Liz,
I would say your employees are lucky that the Company pays for the
entertainment licence to provide music being played all day. The company I
work for banned music because they were not prepared to pay the licence
fee.
However I do agree with the other comments this is not an OH issue.
maybe a suggestion would be to allow the individual employee to listen to
his own style of music through his an mp3 player.
reagrds
Gina
Georgina Skillern RN
From: Liz brown <[log in to unmask]>
To: [log in to unmask]
Date: 27/10/2011 11:04
Subject: [OCC-HEALTH] anxiety/depression induced by music - please help
Sent by: [log in to unmask]
Dear List,
Please can you advise me on the following,
I have been looking after an employee for the past few months who has been
suffering with anxiety and depression due to radio music being played
throughout the factory on a Tannoy system. The employee has quite an
extensive history of clinical depression.
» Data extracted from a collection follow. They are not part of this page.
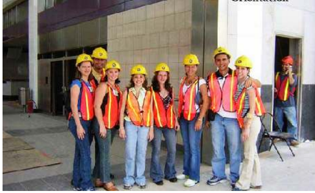
FIGURE 3 UPR / MIT / TU GROUP 10 STUDENTS VISITING A TREN URBANO STATION CONSTRUCTION SITE.

Over 300 research projects were developed in this successful initiative in partnership with MIT and other supporting universities. Many students that participated in this program have been employed by Alternate Concepts Inc. (the firm operating the TU), “Alternativa de Transporte Integrado (ATI)” Office (the government office in charge of supervising the TU operation and its integration to other transportation modes), local government transportation offices, and private consultant firms.
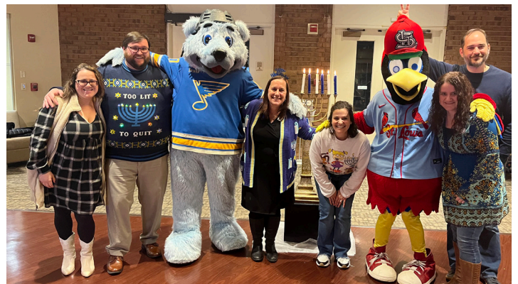
Mascots and Menorahs
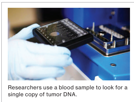
Researchers use a blood sample to look for a single copy of tumor DNA.
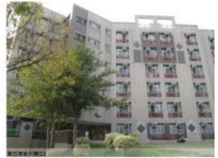
宿舍照片 Photos of DYU Dorms
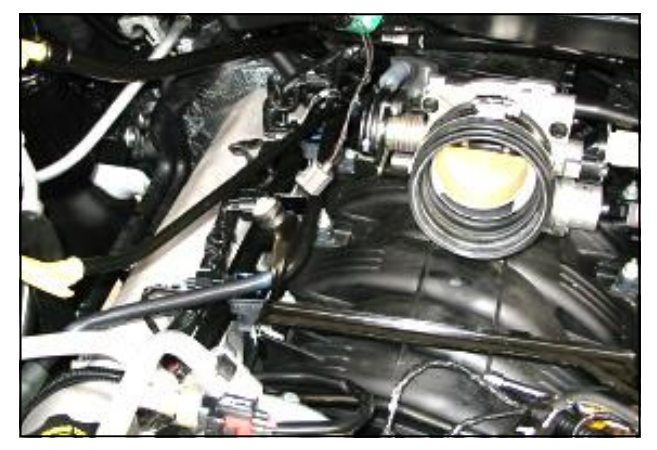
7. Unsnap the factory intake assembly from front of bracket and remove assembly from vehicle. (Note: leave the factory coupler on the throttle body)
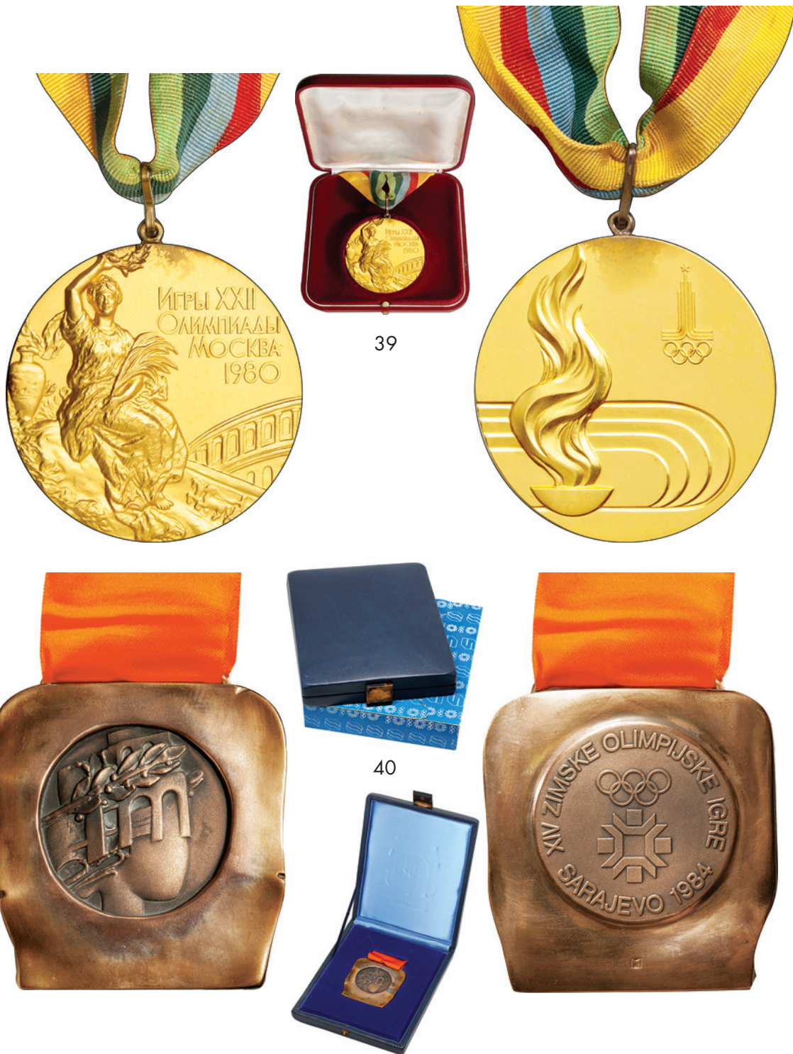
39. Moscow 1980. Gold First Place Winner's Medal Awarded for Athletics. Goldplated silver, 60mm, by Ilya Postol. Victory seated with laurel and palm branch, Colosseum stadium in Rome in background. Rev. Olympic flame over stadium, Moscow logo in upper right. With multi-color ribbon, housed in red plastic case with gold logo, hairline crack on top. Medal EF. ($9,000)
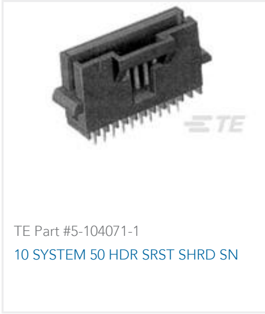
TE Part #5-104071-1 10 SYSTEM 50 HDR SRST SHRD SN
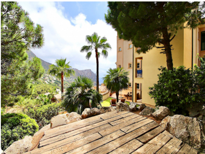
Mediterranean sea views from the balcony
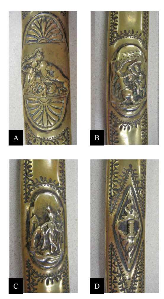
Figure 9. Close-ups of the four pressed-brass plaques applied to the scabbard.
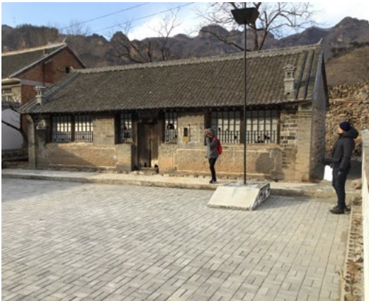
Historical architecture Fig.3
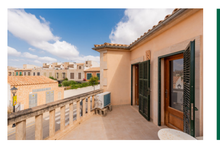
PORTA MALLORQUINA® Your home. Our passion.
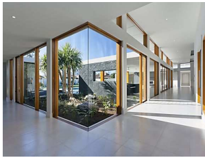
Use Data To Sell Your Home For More Homelight
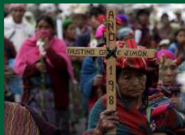
Demonstration of the Sepur Zarco women

One of the many cases occurred during the early 1980s, in the military detachment of Sepur Zarco. Different indigenous Q'eqchi' women were forced to move there after their husbands were illegally detained, tortured, killed and/or disappeared. There they were turned into domestic slaves, raped and sexually enslaved, systematically and continuously for years, by the soldiers who came to rest in the detachment - in some cases until they were killed. In 2012, the women of Sepur Zarco, after a 32 year long fight, managed to make their case the first of this kind ever to be tried by a national court.
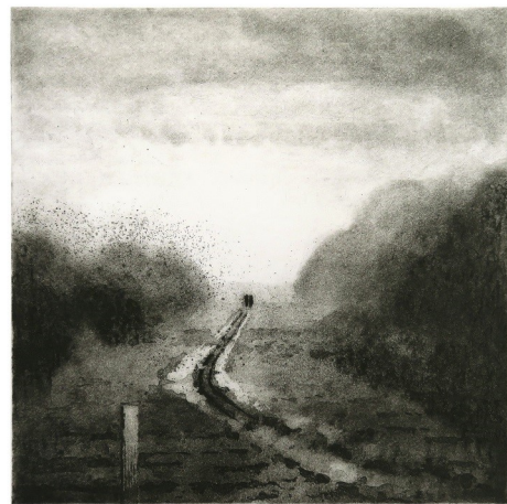
Dawn holding off the light

This employee has never liked particularly loud environments but perceives
certain music (he calls it the “boom boom” music, pop, dance and R&B) as
repetitive and particular radio stations replay the same music frequently
throughout the day. His anxiety did escalate so that any repetitive noise
including people speaking would set off his anxiety.
Over the past few months I have worked with this employee with advice from
his GP / counsellor and have tried different ways to support him. The
company has re-performed the noise survey for his working areas – which are
within expectable limits and have undergone an employee survey on the radio
service/Tannoy system. Following the employee survey a list of the most
popular stations was derived and rotated on a daily basis, the employee
responded well to this as his ‘worse’ station was not included on the
rotated list. The employee also responded well to initially desensitising
techniques and now has specialised hearing protection (they block out the
low tones of the “boom boom” music) which he can wear when needed.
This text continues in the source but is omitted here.